Turaj Wojciech, Słowik Agnieszka, Szczudlik Andrzej
Department of Neurology, Jagiellonian University Medical College, ul. Botaniczna 3, 31-503 Kraków, Poland.
Neurol Neurochir Pol. 2008 Jul-Aug;42(4):316-22.
Hyperthermia worsens prognosis in ischaemic, but probably not in haemorrhagic stroke. The reason for this discrepancy is unknown; therefore we designed this study to compare factors related to the occurrence of hyperthermia in patients with ischaemic and haemorrhagic stroke.

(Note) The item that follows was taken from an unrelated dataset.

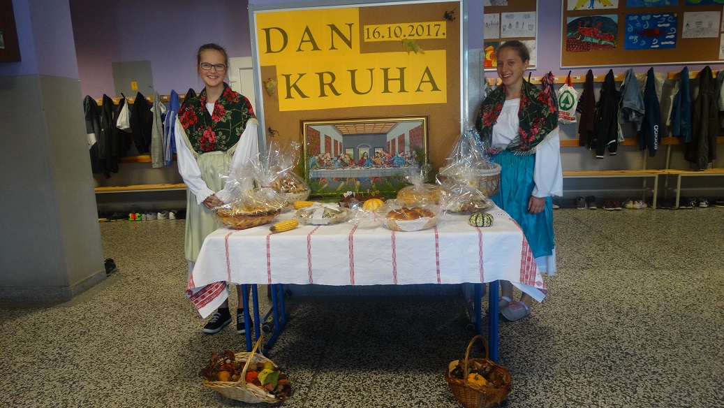 U našoj državi se u listopadu tradicionalno obilježava Dan kruha-dan zahvalnosti za plodove zemlje. Ove godine za organizaciju obilježavanja Dana kruha bio je zadužen vjeroučitelj Krunoslav Pečur. U kraćem kulturno-umjetničkom programu koji su vodile osmašice Sara Hrčka i Petra Vojak, sudjelovale su članice dramske skupine koju vodi pedagoginja Ljiljana Đurđević. Tako su pjesmu Podijeli kruh krasnoslovile Dana Damjanović, Martina Miškić i Lorena Švajda, a pjesmu Malo zrno učenice Andrea Rogalo i Nada Stjepanović. Učiteljica engleskog jezika Marija Kiralj vodi dramsku skupinu na engleskom jeziku te smo poslušali učenike Marka Kuzmara, Lorenu Švajda, Teu Topić i Marka Žišku koji su krasnoslovili pjesmice na engleskom jeziku.

We studied 100 consecutive patients with hemispheric intracerebral haemorrhage and 100 patients with hemispheric ischaemic stroke, who were strictly matched regarding sex (53% were men), age (mean: 67+/-10 years) and severity of neurological deficit on admission according to the Scandinavian Stroke Scale [median: 22 (8-34)]. Body temperature was measured on admission and every 4 hours within the first 48 hours after admission. We recorded neurological deficit, disorders of consciousness, major infectious complications, and a range of routine biochemical markers. Outcome was assessed by 30-day mortality and by the functional status of survivors 30 and 90 days after stroke.

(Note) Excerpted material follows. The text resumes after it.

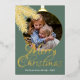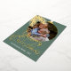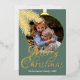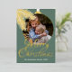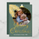 Contemporary classic Christmas holiday season greeting card with white coloured pine tree needles wreath leaves pattern on a classy green grey background, with real gold foil Merry Christmas wish text. With option and room to customize the text, family name and year date, and add a personal photo of your choice on the front, and a customizable season greeting message on the backside of the card.
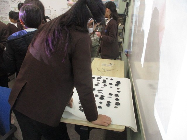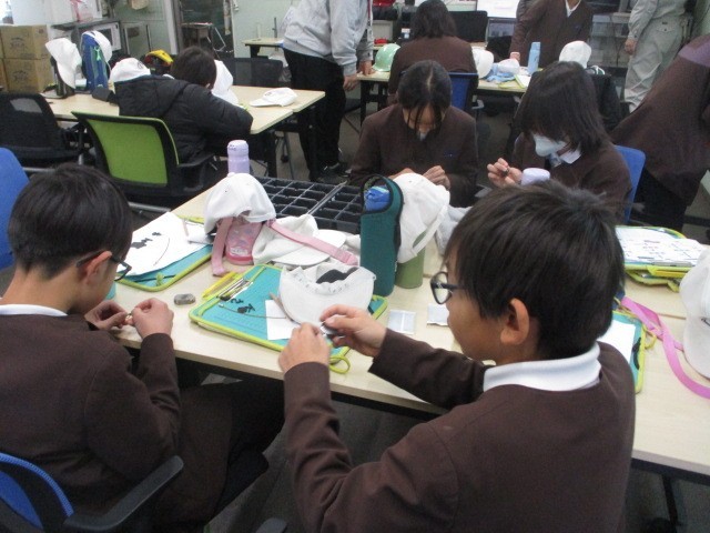 見学していないグループは、待っている間、金属で作ってもらったキャラクターと自分のイニシャルでキーホルダーづくりをしました。

The percentages of patients with hyperthermia (> 37.5 degrees C) were similar in ischaemic and haemorrhagic stroke (26% vs. 33% on day 1 and 19% vs. 23% on day 2, respectively). Patients with hyperthermia on day 1 in both groups had higher 30-day mortality, worse functional status after 90 days and more often had decreased consciousness on admission. Markers of inflammation were slightly higher in hyperthermic patients with ischaemic, but not with haemorrhagic stroke.
Hyperthermia in acute stroke, whether ischaemic or haemorrhagic, is associated with worse prognosis. Ischaemic stroke patients with hyperthermia have slightly increased levels of inflammatory markers when compared to patients without hyperthermia, but the same difference was not found in patients with haemorrhagic stroke.
体温过高会使缺血性卒中的预后恶化,但对出血性卒中可能并非如此。这种差异的原因尚不清楚;因此,我们设计了本研究,以比较缺血性和出血性卒中患者体温过高发生的相关因素。
我们研究了100例连续性半球脑出血患者和100例半球缺血性卒中患者,这些患者在性别(53%为男性)、年龄(平均:67±10岁)以及入院时根据斯堪的纳维亚卒中量表评估的神经功能缺损严重程度(中位数:22[8-34])方面进行了严格匹配。入院时及入院后48小时内每4小时测量一次体温。我们记录了神经功能缺损、意识障碍、主要感染并发症以及一系列常规生化指标。通过30天死亡率以及卒中后30天和90天幸存者的功能状态来评估预后。
缺血性和出血性卒中患者体温过高(>37.5℃)的百分比相似(第1天分别为26%对33%,第2天分别为19%对23%)。两组第1天体温过高的患者30天死亡率更高,90天后功能状态更差,且入院时意识减退更为常见。缺血性卒中体温过高患者的炎症指标略高于无体温过高的患者,但出血性卒中患者未发现同样的差异。
急性卒中,无论是缺血性还是出血性,体温过高均与预后较差相关。与无体温过高的缺血性卒中患者相比,体温过高的缺血性卒中患者炎症指标水平略有升高,但出血性卒中患者未发现同样的差异。